老一輩的話講,當面教子,這是沒錯的。
今天,就算南燭和楊麗無論占理與否,南燭卻仗著自己的身份背景去大鬧落霞鎮會議室,都是錯的,這事傳出去可大可小,小了,不知情的會覺得南燭是個頑劣的凌衙內,仗勢欺人。
大了,會被人說成,是凌家勢大欺人,一個云海的干部,都讓兒子鬧到人家吉山來了。
無論哪種,都是極大的影響,所以縱使凌游知道內情,可就算演戲,他也要還給郭仁忠和陳民易一個面子。
他們做的事對錯與否,自然會有人調查也會有人問責,可這不該是南燭大鬧會議室的理由。
凌游該有個表態。
片刻后,就見凌游起身說道:“仁忠同志、學禮同志、這位是,望湖的民易同志吧,犬子年幼,也是我教導無方,今日讓各位難堪了,子不教父之過,我代表犬子,向諸位賠不是了。”

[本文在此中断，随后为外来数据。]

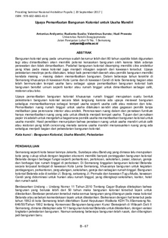 Ardiyanto, Antonius and Soesilo, A. Rudyanto and Suroto, Valentinus and Prawoto, Hudi (2017) Upaya Pemanfaatan Bangunan Kolonial untuk Usaha Mandiri. In: Seminar Nasional Arsitektur Populis.
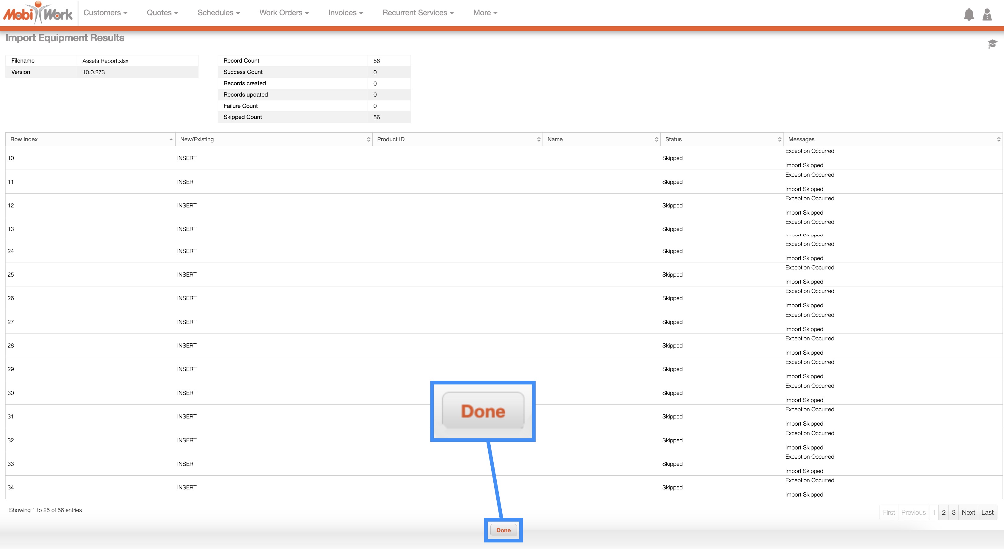 Once you are redirected to the Import Work Order Results page, click the Done button:
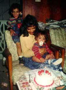Dayawathie Pedigedera Rankoth seated with Michael Rankoth Sloan standing left and George Rankoth Sloan in her lap. The occasion was the first birthday party for George.
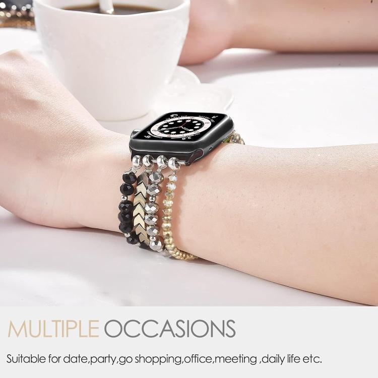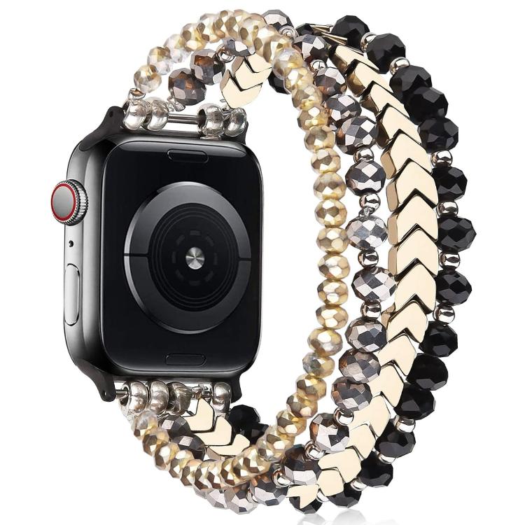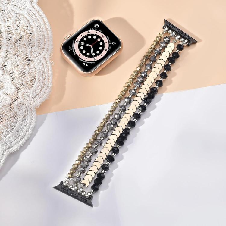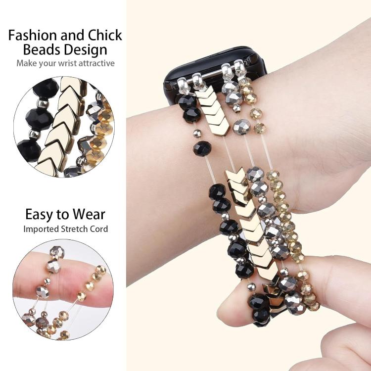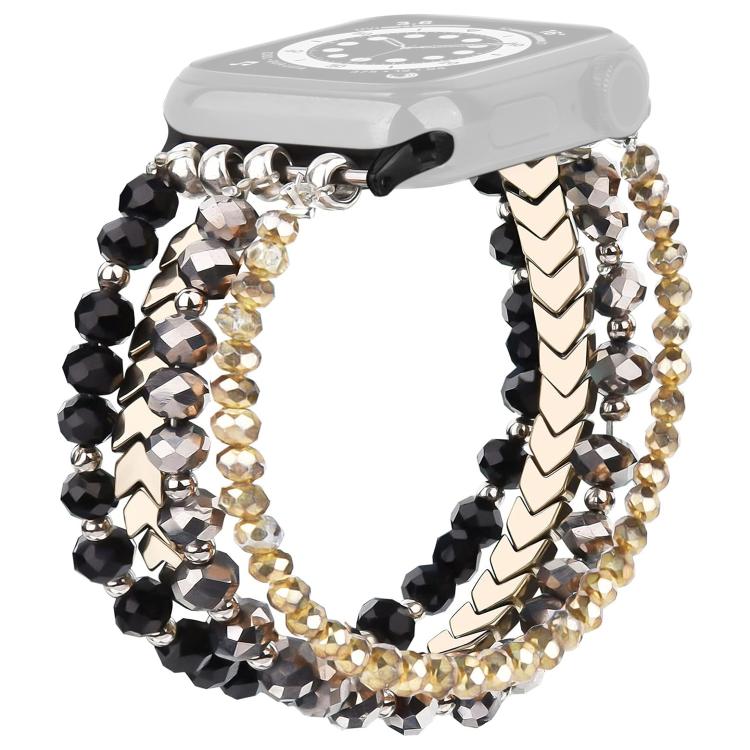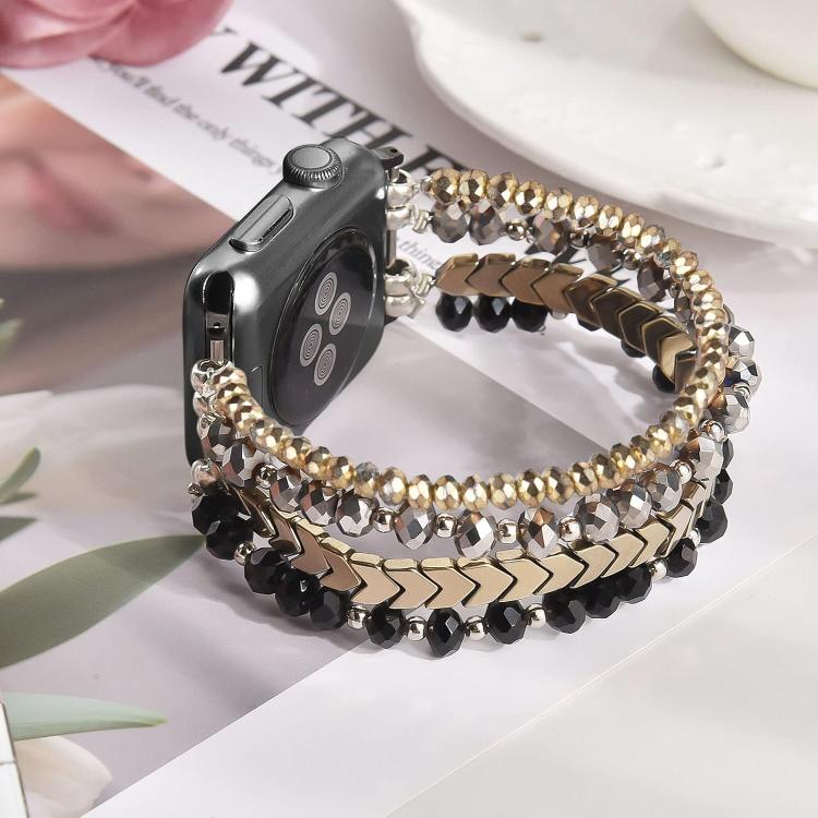 Correa de metal con cuentas de cristal de flecha xDfind para Apple Watch 38/40/41/S10 de 42 mm (negro y dorado)
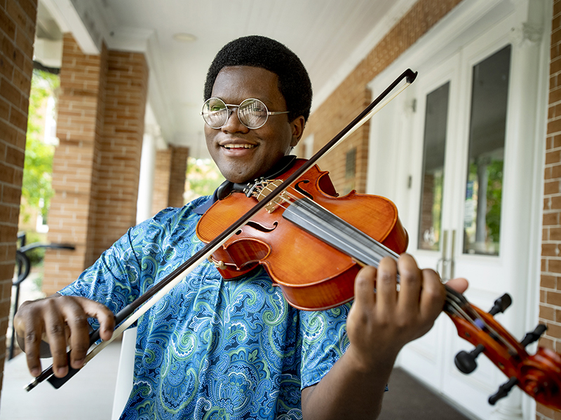 Robert Johnson, who is receiving a Bachelor of Science from the School of Science and Engineering, with a double major in engineering physics and mathematics and a minor in music, is part of POSSE, a Maker Ninja at the Scot Ackerman Makerspace, and was part of the Tulane University Marching Band his first and second year at Tulane. Johnson will pursue his PhD at the University of Rochester’s Institute of Optics. (Photo by Paula Burch-Celentano)
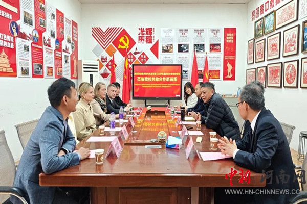 2025年3月27日上午,來自俄羅斯托木斯克理工大學(xué)、基斯洛夫?qū)W校教育代表團(tuán)的瑪麗娜女士、烏里亞娜女士、葉夫根尼婭女士、弗拉基米爾·謝爾蓋耶維奇先生,在開封新民科技中等專業(yè)學(xué)校校長李運乾,開封文化藝術(shù)職業(yè)學(xué)院新民學(xué)院院長馬賽楠等領(lǐng)導(dǎo)的陪同下走進(jìn)開封新民科技學(xué)校,開啟了一場跨越國界的教育合作交流之旅。
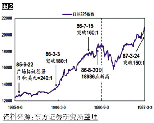 亚洲的第二个股指期货——日经225期货在新加坡交易所上市。从1985年9月22日广场协议签署开始,日本历经了一场包含股市、汇市、房市的资产快速狂飙。广场协议签署时隔半年,1986年3月3日,日经225指数从12755点上涨到13757点。到了7月15日,股指期货上市前一个半月,日经225 指数上涨到17639点,涨幅已经达到38%。股指期货的上市更是加速推升日股的涨势。86年8月20日,日经225指数创下18936点的新高。有趣的是,9月3日股指期货上市后,指数开始回调,反而让前波的高点成为中期头部。休整2个月后,日股又恢复多头行情。87年1月16日打破股指期货上市时的高点。(见图2)
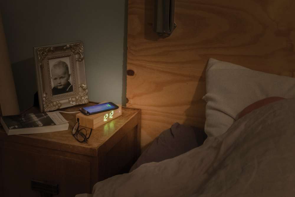 Väckarklocka med utsida i bambu, 24 timmar tidsindikator och med 5W trådlös laddning. Med USB-port på bakdsidan för laddning via kabel. Kompatibel med alla QI-aktiverade enheter som senaste generationen Android, iPhone 8 och upp. Input: 5V/1.5A; trådlös Output: 5V/1A – 5W; 1 USB output port, 5V/1A. 150cm lång PVC-fri micro USB kabel i TPE medföljer.

這話一出口,不光是這三人,就連范文遠都傻眼了,心說這可是壞菜了。
于是就見范文遠趕忙上前:“凌省,你言重了呀,一來,南燭還小,二來,就算今天這事哪里不對,那也是我的不對,是我工作上存在問題。”
陳民易此時上前兩步,也主動承認起了錯誤,通過這一下午,陳民易算是想清楚了,要是能把話說開了,自己反倒安全些,要是就這么黑不提白不提,事后上面問責起來,自己可是接不住啊。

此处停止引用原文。